Relative to benign lesions, malignant lesions were associated with lower ADC values ([median 0.955, range 0.68~1.55]×10-3 mm2/s vs. [median 1.440, range 0.44~2.25]×10-3 mm2/s; p<0.001), lower MD values ([median 1.049, range 0.726~1.508]×10-3 mm2/s vs. [median 1.478, range 0.723~2.360] ×10-3 mm2/s; p<0.001), higher MK values ([median 1.269, range 0.609~2.080] vs. [median 0.530, range 0.000~1.907]; p<0.001), higher K_ep value ([median 0.799, range 0.330~2.729] min-1 vs. [median 0.444, range 0.056~1.745] min-1; p<0.001), and higher K_trans value ([median 0.528, range 0.132~1.497] min-1 vs. [median 0.341, range 0.032~1.754] min-1; p = 0.019) (Table 1). The V_e values did not show significant difference between benign and malignant masses. MK was better for differentiating between malignant and benign lesions (0.952), than ADC (0.902), MD (0.891), tCho (0.776) , K_ep (0.793) and K_trans (0.692)(Table 1). MK could well distinguish histological grades (AUC: 0.655) and lymph node status (AUC:0.589). Furthermore, MK was best at distinguishing between high-Ki67 and low-Ki67 breast cancer (AUC: 0.776; p<0.05) (Figure 1). 5 non-enhanced features including MD, MK, age, shape and menstrual status were selected to be the optimized feature subset to construct a XGboost model, which exhibited superior diagnostic ability for BC characterization in the test group, with a ROC value of 0.940 (Figure 2). To further verify the predictive reliability of this model for BC diagnosis, 50 MRI BI-RADS 4 breast masses (malignancy=25, benign=25) in validation group were introduced into this model, of which 21 cases were correctly diagnosed as malignant and 22 cases were correctly diagnosed as benign ones, with the diagnostic sensitivity and specificity of 84% and 88%, respectively(Table 2).

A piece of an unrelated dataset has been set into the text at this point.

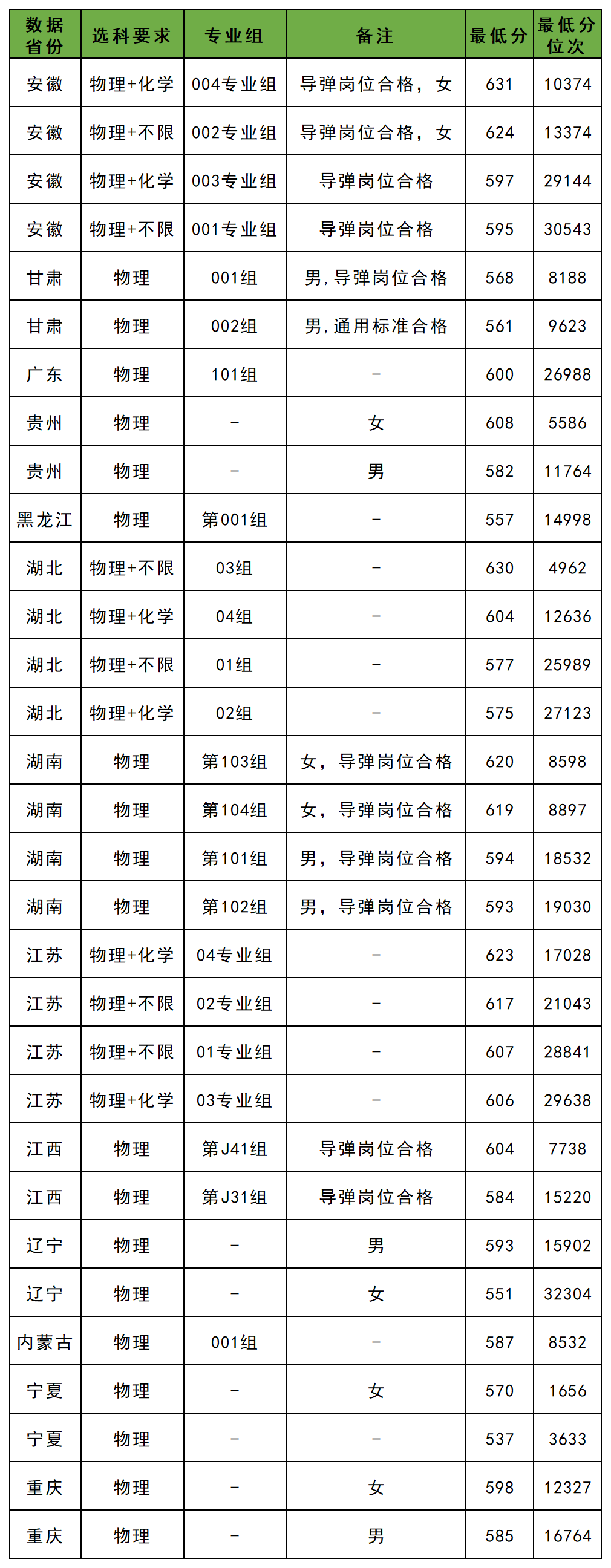 比如在湖南,火箭军工程大学录取最低分是593分,但这只是物理类男生的最低分,如果是物理类女生的话,最低分可达619分。
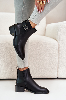 Bottines Femme À Talon Bas Et Boucle Dorée Noir Vomera

Disscussion and Conclusion

This study demonstrated that MK derived from DKI was performed better than MD, ADC, Ve, Kep and Ktrans for differentiating between benign and malignant BLs. The reason might be due to the rapid proliferation of malignant tumor. MK reflects the displacement of Gaussian diffusion and tissue complexity, which is considered proportional to the neoplasm’s cellular microstructural heterogeneity and tissue complexity. And in malignant tissues, water molecule diffusion is usually restricted by intracellular, extracellular, and intravascular spaces, as well as by tightened cellular membrane microstructures, leading to lower MD values. An optimized XGboost model that included DKI and clinical features (age, shape and menstrual status) is effective to improve the diagnostic specificity of MRI BI-RADS 4 masses, therefore preventing unnecessary biopsies and optimizing personalized diagnosis and treatment.

Acknowledgements

This study was supported by grants from the National Natural Science Foundation of China (82071973, 82020108016) and Natural Science Foundation of Guangdong Province (2020A1515011022).